Der Krieg macht bekanntlich keinen Unterschied zwischen den Ansichten seiner Opfer. Kriegsgegner auch nicht. Sie bewarfen Claudia Roth und Fritjof Schmidt genauso mit Currywurst wie Gunda Röstel, egal ob linker oder rechter Parteiflügel. Das sei doch ungerecht, fand die Bundestagsabgeordnete Roth,wobei sie offenließ, worin in diesem Fall die Gerechtigkeit liegen könnte.

Fundi-, Protest-, Oppositions- oder Regierungspartei – alle Bilder, die man sich je von den Grünen gemacht hat, irgendwo im großen Saal fand jedes von ihnen eine Entsprechung. „Eine Entscheidung über die Zukunft der Grünen“ erwartete die verteidigungspolitische Sprecherin der Bundestagsfraktion, Angelika Beer. Viele ehemalige Grüne wollten den Showdown miterleben: Rainer Trampert und Thomas Ebermann, einst Führer der Ökosozialisten, die 1987 der Partei grollend den Rücken kehrten, hatten ebenso unter den Zuschauern Platz genommen, wie die Ex-Frontfrau der Fundis, Jutta Ditfurth, oder Jürgen Reents, heute PDS-Abgeordneter. Sie alle waren gekommen, vielleicht um die späte Genugtuung zu erfahren, doch im Recht gewesen zu sein.

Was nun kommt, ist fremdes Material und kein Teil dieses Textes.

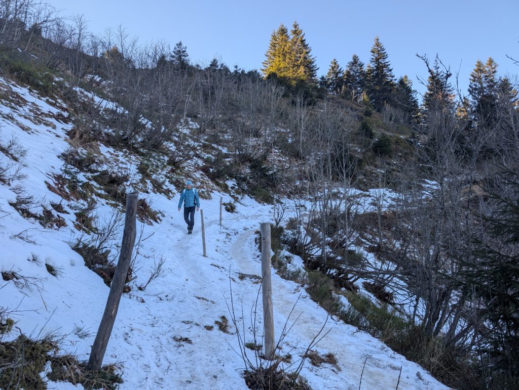Ein schöner Pfad schlängelt sich den jetzt etwas steileren Hang hinauf. Mit jedem Höhenmeter wird der Ausblick besser, es hat einige Minusgrade heute aber der Himmel ist blau und die Sicht reicht kilometerweit bis zu den Schweizer Alpen.

Die wochenlangen Auseinandersetzungen hatten sich in der Alternative kristallisiert: Sollen die Grünen für eine sofortige unbefristete Einstellung der Luftangriffe eintreten? Oder sollen sie die Bundesregierung zu einer befristeten Einstellung der Kampfhandlungen auffordern? Für einen zeitweisen Bombenstopp trat der grüne Bundesvorstand der Partei ein – mit dem Segen Joschka Fischers. Der Außenminister hatte bereits zuvor signalisiert, er könne mit dieser Formulierung leben. Hinter dem sofortigen Stopp des Bombardements Belgrads stand – mehr oder weniger eindeutig – die Parteilinke. Mal stand die Position pur, mal garniert mit einer Rücktrittsaufforderung an Fischer.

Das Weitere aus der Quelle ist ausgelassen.